- [How to complete this task]
Would you please transcribe the data in full and exactly, excluding images?

- [Data segment]

========

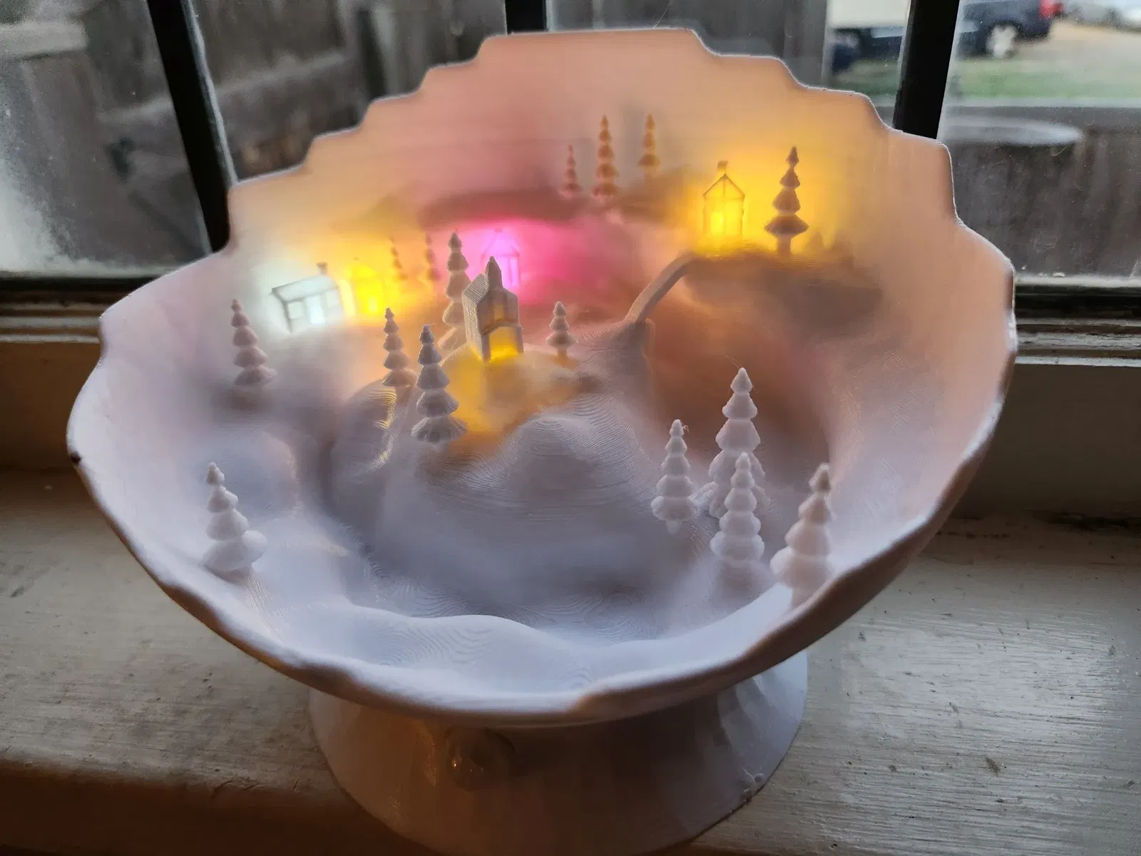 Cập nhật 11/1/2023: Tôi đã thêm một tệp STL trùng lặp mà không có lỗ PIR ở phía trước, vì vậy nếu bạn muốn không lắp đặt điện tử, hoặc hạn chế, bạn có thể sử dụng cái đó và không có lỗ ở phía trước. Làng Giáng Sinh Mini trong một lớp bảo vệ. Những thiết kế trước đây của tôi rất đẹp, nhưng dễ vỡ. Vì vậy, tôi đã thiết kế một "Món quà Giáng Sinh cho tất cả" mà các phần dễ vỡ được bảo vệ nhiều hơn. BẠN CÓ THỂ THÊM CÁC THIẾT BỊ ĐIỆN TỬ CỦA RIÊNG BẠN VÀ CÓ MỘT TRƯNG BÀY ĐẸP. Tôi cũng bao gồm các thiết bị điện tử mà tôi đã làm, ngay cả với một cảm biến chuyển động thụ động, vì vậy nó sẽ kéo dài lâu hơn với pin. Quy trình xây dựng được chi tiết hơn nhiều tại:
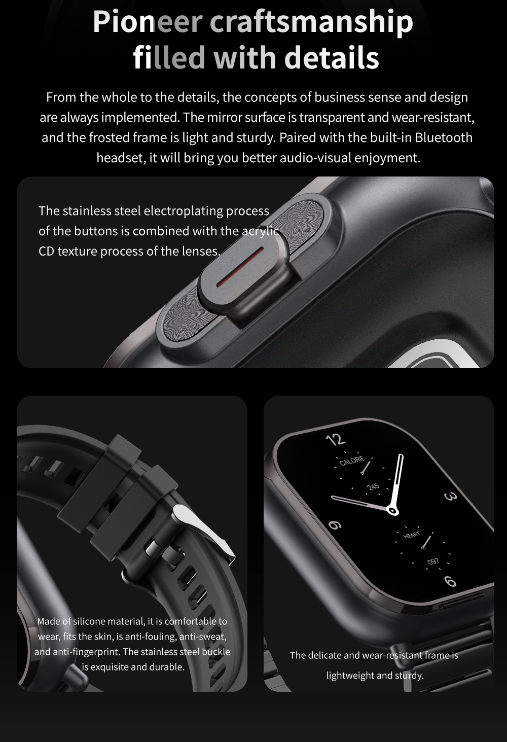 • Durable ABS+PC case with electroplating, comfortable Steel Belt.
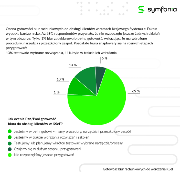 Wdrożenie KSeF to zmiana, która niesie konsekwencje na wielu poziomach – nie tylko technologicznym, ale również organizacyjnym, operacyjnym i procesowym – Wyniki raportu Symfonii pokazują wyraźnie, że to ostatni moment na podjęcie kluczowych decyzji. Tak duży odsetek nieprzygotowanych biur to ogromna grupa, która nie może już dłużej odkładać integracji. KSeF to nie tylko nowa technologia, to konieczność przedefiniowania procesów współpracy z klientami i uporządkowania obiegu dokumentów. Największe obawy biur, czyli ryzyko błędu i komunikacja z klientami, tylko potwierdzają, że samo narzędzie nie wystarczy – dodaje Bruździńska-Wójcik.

========

- [Expected answer]
 Cập nhật 11/1/2023: Tôi đã thêm một tệp STL trùng lặp mà không có lỗ PIR ở phía trước, vì vậy nếu bạn muốn không lắp đặt điện tử, hoặc hạn chế, bạn có thể sử dụng cái đó và không có lỗ ở phía trước. Làng Giáng Sinh Mini trong một lớp bảo vệ. Những thiết kế trước đây của tôi rất đẹp, nhưng dễ vỡ. Vì vậy, tôi đã thiết kế một "Món quà Giáng Sinh cho tất cả" mà các phần dễ vỡ được bảo vệ nhiều hơn. BẠN CÓ THỂ THÊM CÁC THIẾT BỊ ĐIỆN TỬ CỦA RIÊNG BẠN VÀ CÓ MỘT TRƯNG BÀY ĐẸP. Tôi cũng bao gồm các thiết bị điện tử mà tôi đã làm, ngay cả với một cảm biến chuyển động thụ động, vì vậy nó sẽ kéo dài lâu hơn với pin. Quy trình xây dựng được chi tiết hơn nhiều tại:
 • Durable ABS+PC case with electroplating, comfortable Steel Belt.
 Wdrożenie KSeF to zmiana, która niesie konsekwencje na wielu poziomach – nie tylko technologicznym, ale również organizacyjnym, operacyjnym i procesowym – Wyniki raportu Symfonii pokazują wyraźnie, że to ostatni moment na podjęcie kluczowych decyzji. Tak duży odsetek nieprzygotowanych biur to ogromna grupa, która nie może już dłużej odkładać integracji. KSeF to nie tylko nowa technologia, to konieczność przedefiniowania procesów współpracy z klientami i uporządkowania obiegu dokumentów. Największe obawy biur, czyli ryzyko błędu i komunikacja z klientami, tylko potwierdzają, że samo narzędzie nie wystarczy – dodaje Bruździńska-Wójcik.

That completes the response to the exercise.